Twitter share rate = number of tweets / pageviews

The table above then becomes:

TWITTER SHARE RATE
AVG. ENGAGED TIME
WEBSITE.COM
1 / 50
38 Seconds
ARTICLE
1 / 10
30 Seconds

Now we are prepared to ask the following question: Was this page shared a lot? Or, how did the share rate of “article” compare to “website.com”? We answer:

“Article” was shared once per 10 pageviews, 5 times more than the typical article on “website.com."

This gives us an interesting one dimensional fact about the article. To get a more complete picture of how this article performed, however, it would be better to consider multiple data points. In this case, we also have access to information about how much time users spent engaging with content, so we can use that as well.

We ask an additional question: Was this story engaging? Or, how did the average engagement of “article” compare to the typical story on “website.com”? We answer:

Readers of “article” spent an average of 30 seconds actively reading content, which is less than the typical story on “website.com.”

As we ask and answer additional questions about the data for “article,” we start to get a more complete picture of the success of the story. In fact, if we combine this information, we start to build a story about our data, and in this case we will end up with something similar to what we stated above.

In summary, we performed a two-step process where we answered two questions:

  1. Was “article” shared a lot on Twitter?
  2. Was “article” engaging?

Since both of these questions have two possible answers, yes or no, we have four total possible scenarios. This can be represented as a decision tree like the following:

storytelling-01

For “article” we answered YES to question 1 and NO to question 2. This corresponds to the following path in our decision tree:

storytelling-02

Repeating this procedure with another story, we might end up in a different branch of the tree. For example, consider the new data set:

TWITTER SHARE RATE
AVG. ENGAGED TIME
WEBSITE.COM
1 / 50
38 Seconds
ARTICLE #1
1 / 10
30 Seconds
ARTICLE #2
1 / 60
50 Seconds

When we ask the same series of questions for “article #2”, we would follow this path:

storytelling-03

And we could formulate a sentence like the following:

While “article #2” was shared less than the typical story, the content really captured its audiences’ attention with readers spending 32% more time engaged than the typical article.

In fact, we can create a different sentence for each of the four scenarios, so that no matter the situation we find ourselves in, we will have a sentence which describes the data in an interesting way. So, for a general article on “website.com” we could do the following:

  1. Ask a series of questions which create a path through a decision tree.
  2. Grab a template sentence that corresponds to the final destination of the decision tree.
    • For example, let X be an article with a Twitter share rate Y times larger than the site.
    • Even though X had below average engagement, readers shared this story Y times more often than the typical story.
  3. Fill in the blanks:
    • Even though “article” had below average engagement for “website.com,” readers shared this story 5 times more often than the typical story.

Now we have found a way to automatically generate a basic sentence about tweets and engagement on an article, but what more can we do to make this feel like real insights from a human data scientist?

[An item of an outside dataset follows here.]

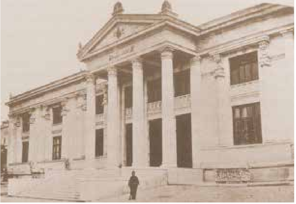
Lahitler Müzesi/Müze-i Hümayun (1891) (Wendy M. K. Shaw, Osmanlı Müzeciliği , s. 220)

Sanayi-i Nefise Mektebi Fenn-i Mimari hocası olan Vallaury tarafından çizilen müzenin giriş kapısı antik bir tapınak cephesine benzetilmiştir. Bu benzerliği ile Sayda kazılarında çıkan ve İskender Lahdi ile birlikte getirilen Ağlayan Kadınlar Lahdi 'nden esinlendiği söylenir 27 .

Above we created one template sentence per branch of the decision tree.  A simple trick we can play to give this process a more human touch is to increase the variety in the sentences that are created. For example, we could take the sentence:

Even though “article” had below average engagement for “website.com,” readers shared this story 5 times more often than the typical story.

...and restate it as:

1 of every 10 people who read “article” tweeted about it, 500% more often than the average story on “website.com.”  On the other hand, these readers only spent 30 seconds engaging with this content on average.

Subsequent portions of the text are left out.